The Platonic character of "what is irony?" is tied to its presumption that irony has some essence, and that that essence has some sort of being one could gesture toward. Given the performative quality of irony, however, tying it to a constative meaning is difficult. Paul de Man points this out in "The Concept of Irony," discussing the trouble with trying to pin irony to a fixed definition. At the very least, a Platonic approach to irony would require the sort of interminable subdividing showcased in the Sophist: we would at least have to account for irony's "verbal," "tragic," "historical," and "situational" varieties.
But as any good sophist (though perhaps not Plato and Socrates, delinquent sophists that they were) knows, a situation and its kairos are a highly unstable things. And so what counts as "situational" irony might fluctuate based not only on such traditional rhetorical variables as "speaker" and "audience," but also on the workings of language itself--that "stealthy body"--as well as the broad historical, material, and cultural context in which a potentially ironic utterance attempts to coalesce.
To make things a bit more concrete, let's consider one of the 20th century's most popular questions about irony: "Isn't it ironic?" This question led in to the chorus of 1995's "Ironic," a pop tune by singer-songwriter Alanis Morissette. This Morissettean question might seem cannier than its Platonic relative, as if focuses on the a posteriori judgment of a single instance of irony (i.e. "it," the irony of which the preceding "isn't" renders at least rhetorically questionable). Instead of having to discover or invent universal qualities prescriptively applicable to all instances of irony, the question humbly limits itself to a tentative decision about a single example. Unfortunately for Generation X, the relative irony of the examples in "Ironic" became a surprisingly vexed question. The song became a topos for numerous arguments about what counts as ironic, evidenced in New York Times critic Jon Pareles' reference to "the unironic 'Ironic'" in his 2004 review of one of Morissette's subsequent albums. Let's consider the first verse of "Ironic":
An old man turned ninety-eight
He won the lottery and died the next day
It's a black fly in your Chardonnay
It's a death row pardon two minutes too late
Isn't it ironic, don't you think
The song's examples of things that are "like" irony are things that would traditionally be judged as unfortunate turns of events, like tripping over or taking a bad trip on kairos. But if we want to attribute a degree of "the unexpected" to irony--the Oxford English Dictionary does, offering "[a] state of affairs or an event that seems deliberately contrary to what was or might be expected" as one of irony's significations--it is questionable whether Morissette's examples are "ironic." Various tropes and turns of phrase in English, from the euphemism "fly in the ointment" to jokes about flies in one's soup, suggest that while a fly in a glass of wine might be unfortunate, it's far from uncommon or unexpected. In some ways, that pesky fly might even be paradigmatic, an insect that's been spoiling the finer things in life since the days of classical symposia. That's not to say this makes a fly in the wine essentially ironic, however, because that judgment would be dependent on millennia of accreted tropes and linguistic tics. One would also have to consider whether misfortune is expected or un-. An optimist might see Morissette's examples as ironically defying expectations (or maybe the fly would help the glass be more than half full), but a cynic might see the examples as eminently expected--further proof that Murphy's law truly does guide the universe.

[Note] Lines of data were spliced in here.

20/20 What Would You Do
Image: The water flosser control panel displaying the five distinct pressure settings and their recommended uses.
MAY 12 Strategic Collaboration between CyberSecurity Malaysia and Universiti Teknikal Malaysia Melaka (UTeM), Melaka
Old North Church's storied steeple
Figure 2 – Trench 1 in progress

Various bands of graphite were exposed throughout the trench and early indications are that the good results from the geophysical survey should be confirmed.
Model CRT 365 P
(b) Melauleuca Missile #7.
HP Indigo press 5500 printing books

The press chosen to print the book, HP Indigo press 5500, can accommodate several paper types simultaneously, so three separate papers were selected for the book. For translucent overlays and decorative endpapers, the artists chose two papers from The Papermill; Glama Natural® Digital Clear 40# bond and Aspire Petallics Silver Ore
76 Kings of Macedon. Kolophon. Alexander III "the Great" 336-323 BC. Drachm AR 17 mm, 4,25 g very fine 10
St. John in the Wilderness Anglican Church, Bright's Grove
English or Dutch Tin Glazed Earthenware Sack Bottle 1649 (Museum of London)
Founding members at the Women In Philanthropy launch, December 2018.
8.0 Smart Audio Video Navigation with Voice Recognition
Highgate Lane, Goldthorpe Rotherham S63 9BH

So far, then, all I've managed is to set up two scapegoats, Plato and Alanis Morissette, two alazons who came at irony all wrong. But, as Avital Ronell and Paul de Man have argued, nothing puts one at the risk of ironic effacement like trying to be the eiron, trying to exert ironic authority or pronounce authoritatively on irony. If the efforts of Plato and Morisette didn't quite pan out, I have yet to do anything but rehearse both their efforts and the tired, programmatic responses of others.